Probabilistic 3D Multilabel Real-time Mapping for Multi-object Manipulation
This work addresses the need for efficient and accurate 3D mapping in robotics for handling multiple objects in cluttered settings, representing an incremental advancement over previous single-label methods.
The paper tackles the problem of real-time 3D multilabel object mapping for multi-object manipulation, achieving a 40-96% relative improvement over conventional methods in segmentation accuracy and enabling successful robot recognition (86.9%) and manipulation (60.7%) in occluded environments.

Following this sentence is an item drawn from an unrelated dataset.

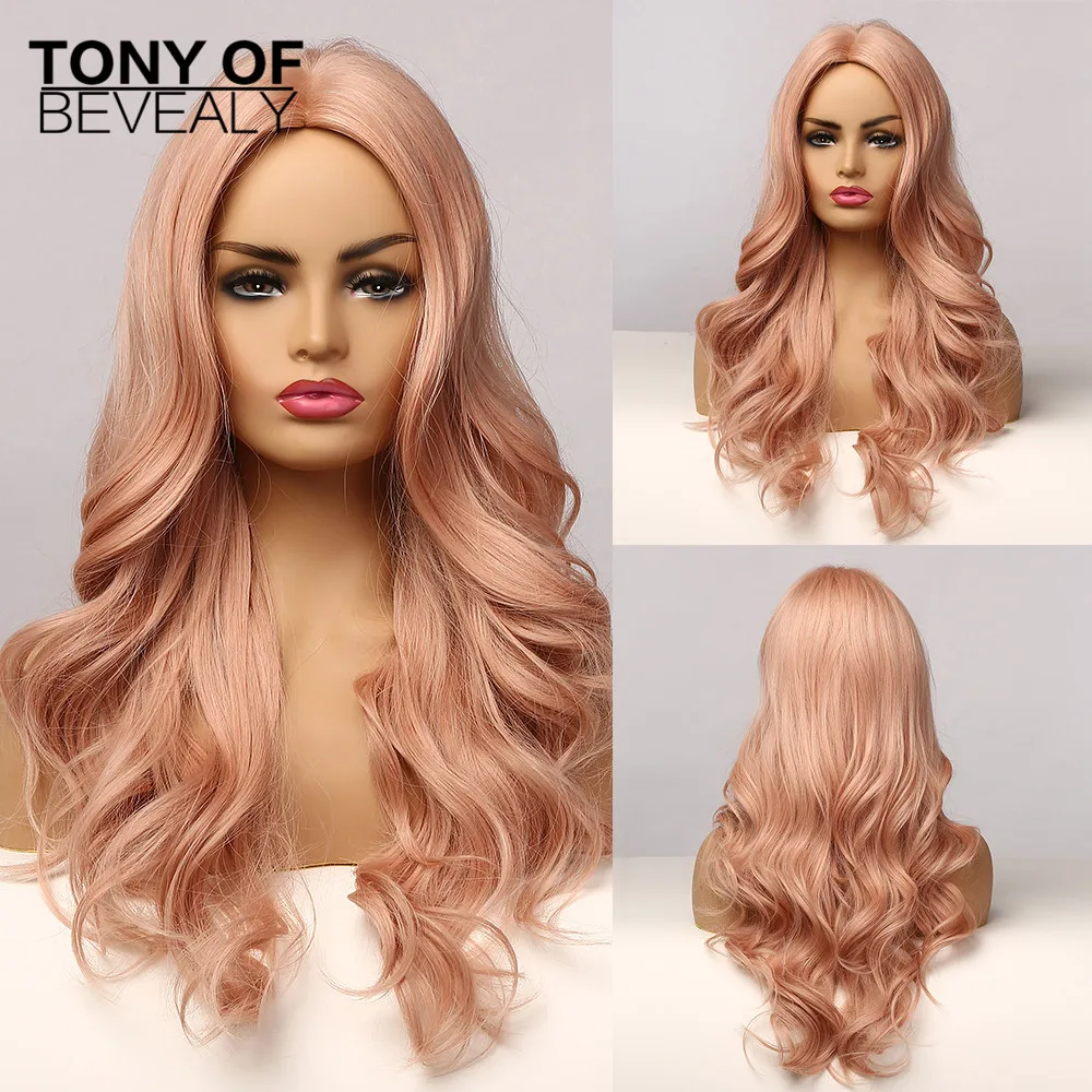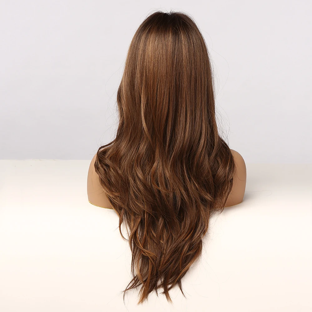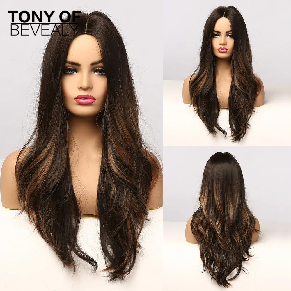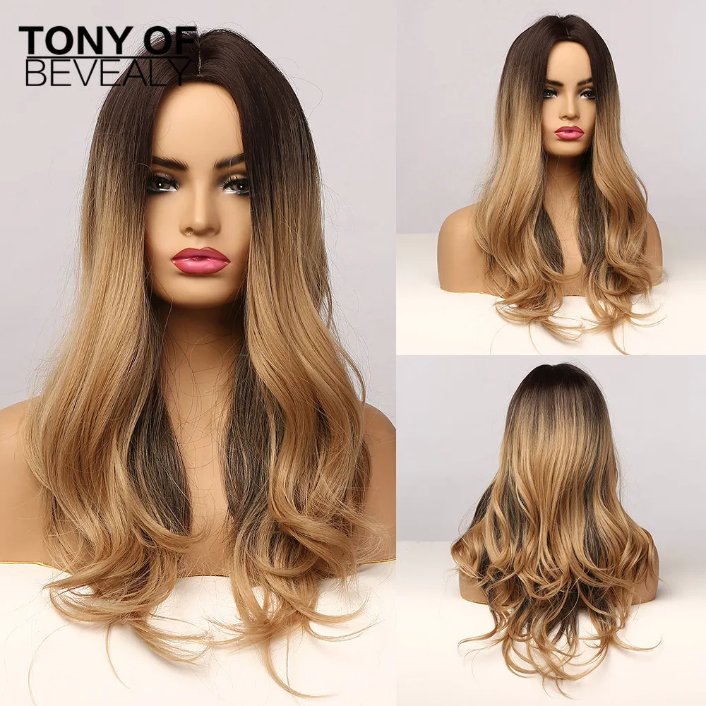 Длинные волнистые парики с эффектом омбре, парики из черных и коричневых синтетических волос, парики средней длины, натуральные волнистые термостойкие парики для косплея для женщин

Probabilistic 3D map has been applied to object segmentation with multiple camera viewpoints, however, conventional methods lack of real-time efficiency and functionality of multilabel object mapping. In this paper, we propose a method to generate three-dimensional map with multilabel occupancy in real-time. Extending our previous work in which only target label occupancy is mapped, we achieve multilabel object segmentation in a single looking around action. We evaluate our method by testing segmentation accuracy with 39 different objects, and applying it to a manipulation task of multiple objects in the experiments. Our mapping-based method outperforms the conventional projection-based method by 40 - 96\% relative (12.6 mean $IU_{3d}$), and robot successfully recognizes (86.9\%) and manipulates multiple objects (60.7\%) in an environment with heavy occlusions.